Spark实战(4) DataFrame基础之数据筛选
程序员文章站
2022-06-13 22:05:47
...
filter写法一
from pyspark.sql import SparkSession
spark = SparkSession.builder.appName('ops').getOrCreate()
df = spark.read.csv('appe_stock.csv',inferSchema = True, header = True)
df.printSchema()
df.show()
# The first way
df.filter("Close < 500").show() # 传入一个条件
df.filter("Close < 500").select('Open').show()
df.filter("Close < 500").select(['Open','Close']).show()
filter写法二
from pyspark.sql import SparkSession
spark = SparkSession.builder.appName('ops').getOrCreate()

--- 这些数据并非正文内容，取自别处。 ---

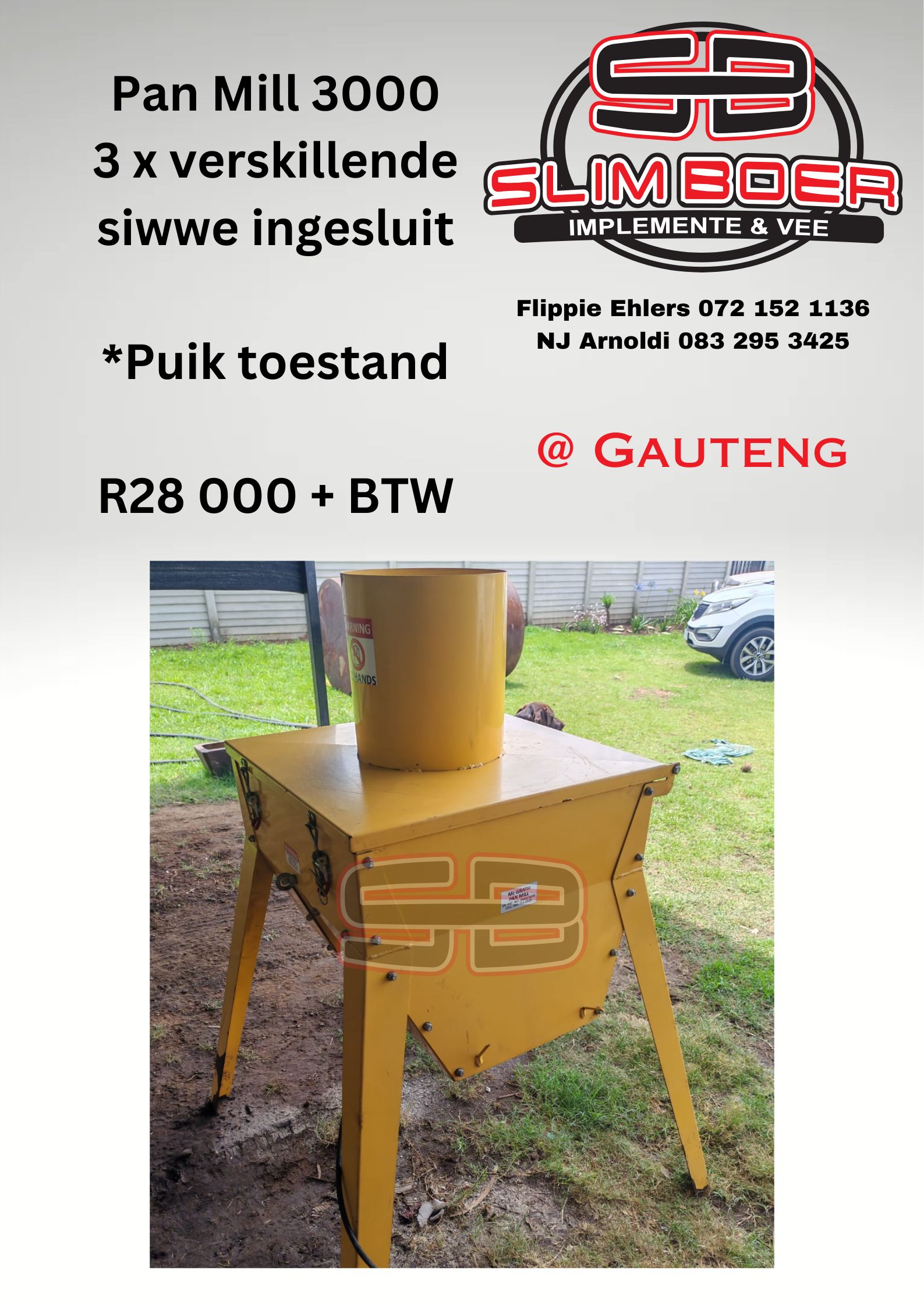 Pan Mill 3000, 3 x verskillende siwwe ingesluit, puik toestand

df = spark.read.csv('appe_stock.csv',inferSchema = True, header = True)
df.printSchema()
df.show()
# The second way
df.filter(df['Close'] < 500).select('Volume').show()
df.filter(df['Close'] < 200 and df['Open'] > 200).show() # wrong
df.filter((df['Close'] < 200) & (df['Open'] > 200)).show() # right
条件符号
# not operation
df.filter((df['Close'] < 200) & ~(df['Open'] > 200)).show() # right
# equal operation
df.filter(df['Low'] == 197.16).show()
获取结果
# if we want to save it, we could use collect()
result = df.filter(df['Low'] == 197.16).collect()
# one row as many format
result[0].asDict()
# and then you could get specific attribute
result[0].asDict()['Volume']